Quantum Communications & Quantum Computing: China Has Ambitious Plans
(CTGN.News) IQT-News summarizes here an article by Djoomart Otorbaev is the former prime minister of the Kyrgyz Republic, a distinguished professor of the Belt and Road School of Beijing Normal University, and a member of Nizami Ganjavi International Center.
Scientists from the University of Science and Technology of China (USTC) reported fundamental advances in quantum communications and quantum computing in three papers published on arXiv.org on June 28 and 29.
In one, researchers used nanometer-sized semiconductors called quantum dots to transmit single photons over 300 kilometers of fiber.
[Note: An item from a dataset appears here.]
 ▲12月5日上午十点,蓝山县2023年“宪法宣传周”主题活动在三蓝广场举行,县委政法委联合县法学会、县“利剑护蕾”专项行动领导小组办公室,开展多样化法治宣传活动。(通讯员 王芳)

This result was more than 100 times better than all previous attempts.
In another, scientists improved their photonic quantum computer from 76 detected photons to 113, which significantly increased its “quantum advantage.” It shows how much faster it is than traditional computers at one specific task.
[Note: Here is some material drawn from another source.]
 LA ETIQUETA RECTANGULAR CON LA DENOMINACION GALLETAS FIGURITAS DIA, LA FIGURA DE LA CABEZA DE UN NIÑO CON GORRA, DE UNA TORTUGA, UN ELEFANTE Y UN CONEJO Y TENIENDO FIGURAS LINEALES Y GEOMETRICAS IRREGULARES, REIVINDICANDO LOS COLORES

The third paper presented the Zu Chongzhi quantum computer, consisting of 66 superconducting qubits. It used 56 of them to solve a particular problem, which exceeded the computational speed achieved by 53-qubit computers applied by Google Sycamore and set a performance record in 2019 .
Otorbaev explains this year begins implementing China’s 14th Five-Year Plan, which sets goals and strategies for the country’s economic development until 2025. The plan resulted from joint action with the government’s official political advisory body, the Chinese People’s Political Consultative Conference (CPPCC).
As part of this document, by the end of the 14th Five-Year Plan, it is planned to develop quantum computers with more than a few hundred qubits.
There have been few other outstanding results in the field of quantum computing. In one example, a Chinese startup has announced plans to sell a quantum desktop computer for less than $5,000. The new handheld device is part of the SpinQ line and will be designed even for schools and colleges. Shenzhen SpinQ Technology will manufacture it.
Unprecedented competition is unfolding in this area. Сhina is leading the way with a quantum program worth at least $10 billion over the next five years, of which $3 billion will go into quantum computing. The current situation is reminiscent of what had developed in 1957 when the U.S. similarly launched an unprecedented development program for its space program in the wake of panic over a small Soviet satellite called Sputnik. Will Americans be able to repeat their leap for quantum advantage this time?